= Menenia gens =

Ancient Roman family

The gens Menenia was an ancient and very illustrious patrician house at ancient Rome from the earliest days of the Roman Republic to the first half of the fourth century BC. The first of the family to obtain the consulship was Agrippa Menenius Lanatus in 503 BC. The gens eventually drifted into obscurity, although a few Menenii are still attested in the epigraphy of the late Republic and imperial times.

==Origin==
During the first secession of the plebs in 493 BC, Agrippa Menenius Lanatus, the former consul, was despatched by the Senate as an emissary to the plebeians, who were gathered on the Mons Sacer. He said that he was sprung from the plebs, although he and several generations of his descendants held the consulship at a time when, according to the historians of the late Republic, it was open only to the patricians. This suggests that the Menenii had recently been made patricians, probably during the reign of one of the later Roman kings.

==Praenomina==
The Menenii are known to have used the praenomina Agrippa, Gaius, Titus and Lucius. Together with the gens Furia, they were amongst the only patrician families to make regular use of the praenomen Agrippa, which was later revived as a cognomen in many families. For this reason, later sources erroneously refer to members of this gens as Menenius Agrippa.

Licinus, the praenomen of one of the Menenii, was likewise a rare name, meaning upturned, originally refererring to the bearer's nose. This was ordinarily a cognomen, or surname, though here used as a praenomen. It is frequently confused with the nomen Licinius, which was probably derived from it, although perhaps connected to the Etruscan lecne, which seems to have been its equivalent. Licinus is expressly given in the Fasti Capitolini, while Livy renders it as Licinius, and some later historians have amended it to the more common praenomen Lucius.

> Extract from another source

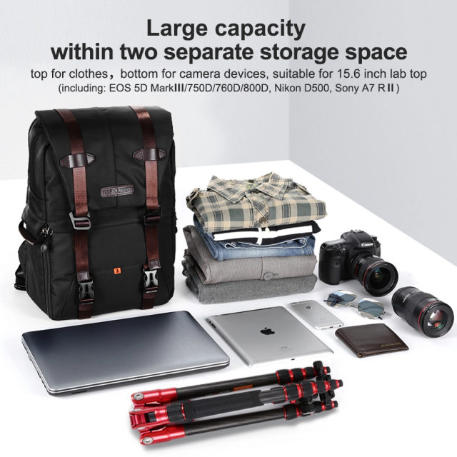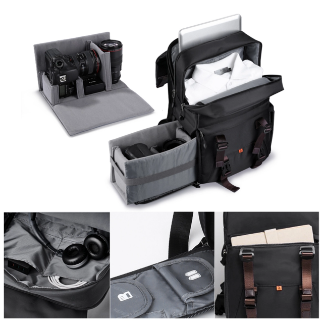 Velkokapacitní brašna pro fotoaparát, 2 objektivy a 15,6"" notebook. Balení obsahuje: 1 x batoh na fotoaparát, 1 x vodotěsná pláštěnka

==Branches and cognomina==
The only cognomen associated with the Menenii of the early Republic is Lanatus. This surname is derived from the Latin adjective, meaning "wooly", and perhaps originally referred to a person with particularly fine, curly, or abundant hair.

==Members==

- Gaius Menenius Lanatus, father of Agrippa Menenius Lanatus, the consul of 503 BC.
- Agrippa Menenius C. f. Lanatus, consul in 503 BC, and emissary to the plebeians during the first secession in 493.
- Titus Menenius Agripp. f. C. n. Lanatus, consul in 477 BC, failed to intervene on behalf of the Fabii at the Battle of the Cremera.
- Agrippa Menenius Agripp. f. C. n. Lanatus, father of Titus Menenius Lanatus, the consul of 452 BC.
- Titus Menenius Agripp. f. Agripp. n. Lanatus, consul in 452 BC.
- Lucius Menenius T. f. Agripp. n. Lanatus, possibly consul in 440 BC. (Note: Livy and Cassiodorus give him the praenomen Lucius. Diodorus names him Titus, and the Chronograph of 354 says this was his second consulship, which would make him identical to the consul of 452.)
- Agrippa Menenius T. f. Agripp. n. Lanatus, consul in 439 BC, and consular tribune in 419 and 417 BC.
- Titus Menenius T. f. Agripp. n. Lanatus, father of Licinus Menenius Lanatus, the consular tribune of 387 BC.
- Licinus Menenius T. f. T. n. Lanatus, consular tribune in 387, 380, 378, and 376 BC. (Note: Livy gives his praenomen as Licinius, apparently confusing the rare praenomen with the common nomen gentilicium. Diodorus, apparently unfamiliar with the name, amends it to Lucius, and in one passage to Gaius.)
- Menenius, proscribed by the triumvirs in 43 BC, but rescued from death by the self-devotion of one of his slaves.

===Others===
- Gaius Menenius C. f., one of several equites named in an inscription from Samothrace in Thracia, dating from 100 BC.
- Gaius Menenius C. f. Priscus, a native of Luca in Etruria, a soldier in the tenth urban cohort at Rome during the consulship of Rufinus and Quadratus, AD 142. He served in a century led by a centurion named Spurius.
- Menenius Adjutor, a soldier in the Legio XXII Primigenia, along with Gaius Appuleius Saturninus made an offering in honour of the Lares at Mogontiacum in Germania Superior, according to an inscription from the first half of the third century.

===Undated Menenii===
- Lucius Menenius L. l. Antiochus, a freedman buried at Rome, along with several others, including the freedmen Lucius Menenius Demetrius and Lucius Menenius Stabilio.
- Menenius Crescens, buried at Castellum Phuensium in Numidia.
- Lucius Menenius Ɔ. l. Demetrius, a freedman buried at Rome, along with several others, including the freedmen Lucius Menenius Antiochus and Lucius Menenius Stabilio.
- Aulus Menenius Hippolytus, dedicated a tomb at Rome for his wife, Nymphidia Margaris. The inscription may be a forgery.
- Menenius Rufus, buried at Rome, was perhaps related to Publius Clodius Rufus, named immediately before him in the same inscription.
- Lucius Menenius L. l. Stabilio, a freedman buried at Rome, along with several others, including the freedmen Lucius Menenius Antiochus and Lucius Menenius Demetrius.
- Menenia Urbica, buried at Rome, aged thirty years, eight months, and twenty-two days, in a tomb built by her husband, Marcus Aurelius Eutyches.